Scientific motivation#

DataGenerator is the workflow orchestrator behind CaliBrain’s data generation stage. Unlike the lower-level classes, it does not represent one scientific operation. Instead, it runs complete configured experiments over solver, data, and noise settings and returns run-wise metadata that can be passed to downstream workflow stages.

This tutorial uses a tiny synthetic setup so the class can be exercised directly in the documentation build.
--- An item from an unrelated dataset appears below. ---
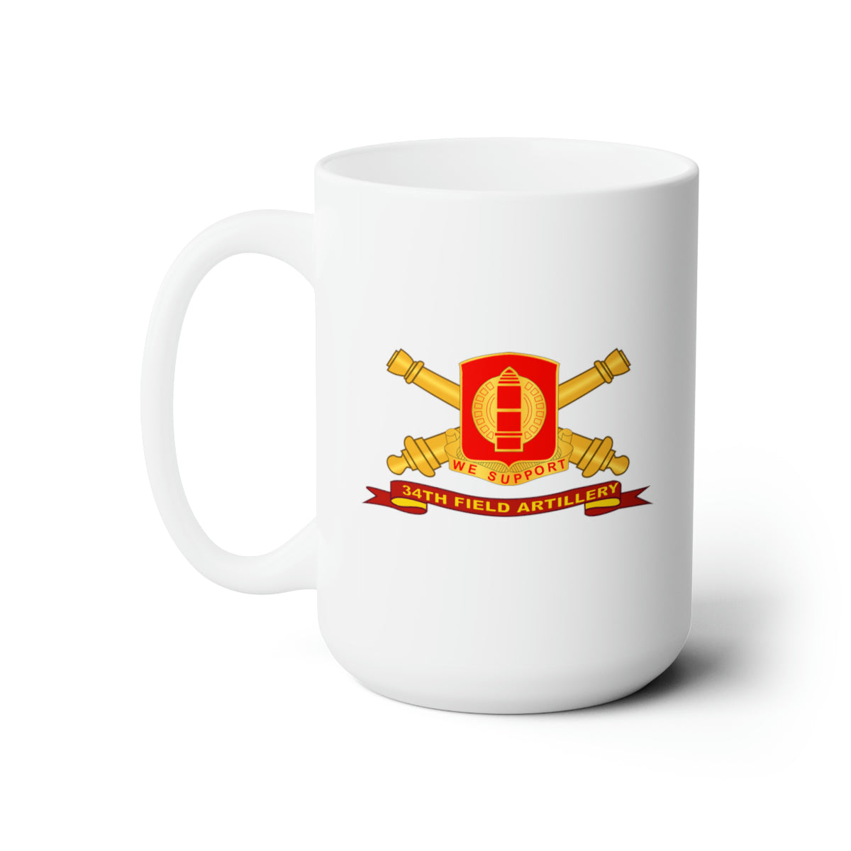 White Ceramic Mug 15oz - Army - 34th Field Artillery w Br - Ribbon

from tempfile import TemporaryDirectory

import matplotlib.pyplot as plt
import numpy as np
from mne.io.constants import FIFF

from calibrain import DataGenerator, LeadfieldBuilder, SensorSimulator, SourceSimulator, gamma_map_sflex


RANDOM_SEED = 83
tmpdir = TemporaryDirectory()
FIG_DIR = tmpdir.name

Build a tiny leadfield fixture#

DataGenerator expects LeadfieldBuilder to provide leadfields. In the current implementation, its internal data preparation step calls retrieve_mode="load". For a runnable tutorial we therefore provide a deterministic payload through the same high-level builder API.

Units:

  • source amplitudes are in nAm;

  • source coordinates are represented in m;

  • the synthetic EEG leadfield is interpreted as µV / nAm.
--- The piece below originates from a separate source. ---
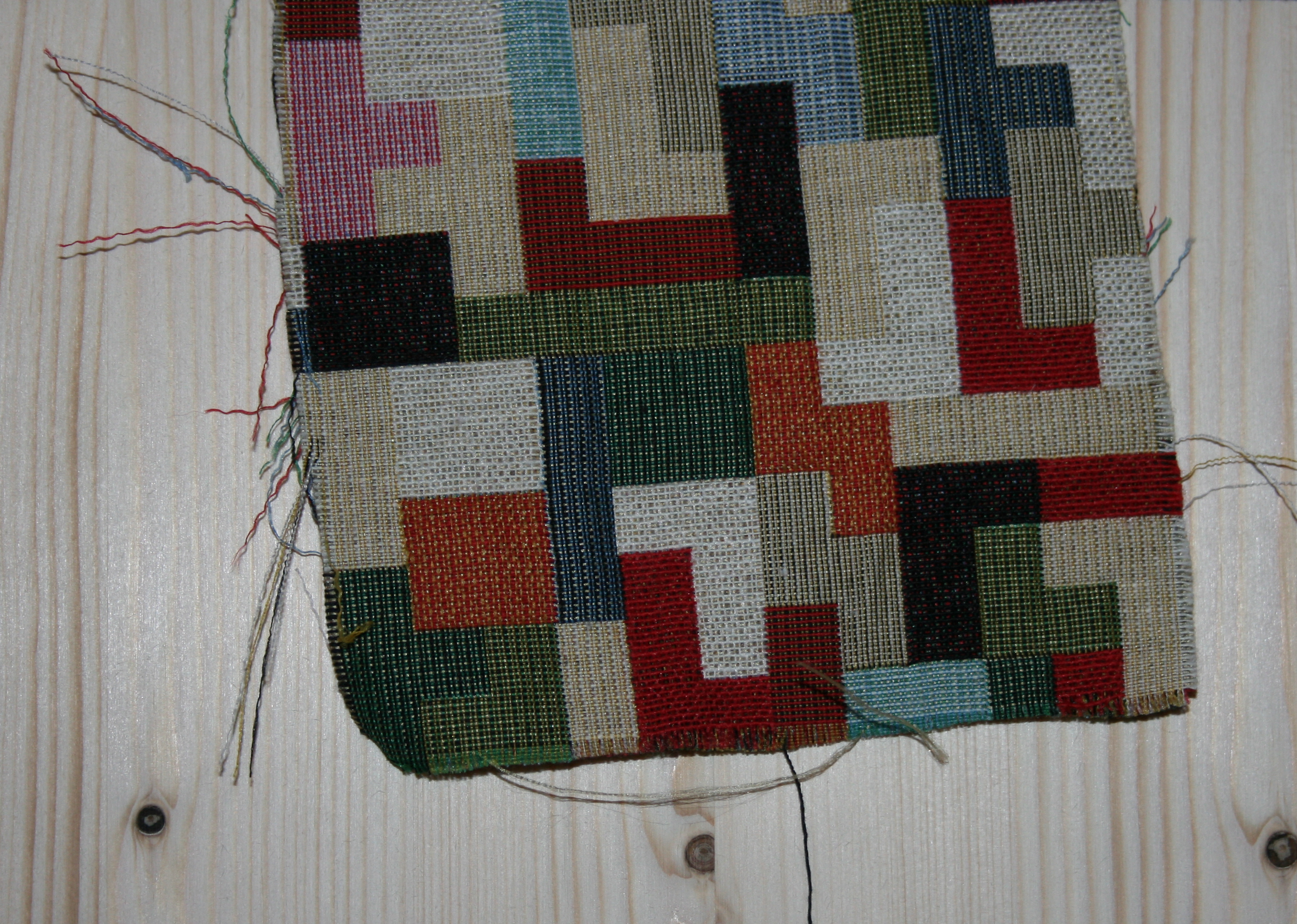 Het tafelblad en het aanrechtblad gaat vurehout worden. We hebben een mooie plaat hout bij de Praxis kunnen scoren: licht, maar wel met duidelijke nerven. Ook de stof voor de bank is gekozen. Vrolijk en met veel kleur:

rng = np.random.default_rng(RANDOM_SEED)
subject = "demo_subject"
n_sensors = 16
n_sources = 32
src_coords = rng.normal(scale=0.04, size=(n_sources, 3))
leadfield = rng.normal(scale=0.03, size=(n_sensors, n_sources))
leadfield /= np.maximum(
    np.linalg.norm(leadfield, axis=0, keepdims=True),
    np.finfo(float).eps,
)
leadfield *= 0.6
q_basis = np.zeros((n_sources, 3, 0), dtype=float)
print("leadfield shape:", leadfield.shape)
leadfield_dir = TemporaryDirectory()
np.savez(
    f"{leadfield_dir.name}/{subject}_fixed_leadfield.npz",
    leadfield=leadfield,
    sensor_kind=FIFF.FIFFV_EEG_CH,
    sensor_units=FIFF.FIFF_UNIT_V,
    sensor_unitmult=FIFF.FIFF_UNITM_MU,
    coil_type=FIFF.FIFFV_COIL_EEG,
    src_coords=src_coords,
    Q_basis=q_basis,
)
leadfield shape: (16, 32)

Configure the generator#

The class is configured from three grids:

  • solver_param_grid for estimator hyperparameters;

  • data_param_grid for source/sensor-generation settings;

  • noise_param_grid for workflow noise handling.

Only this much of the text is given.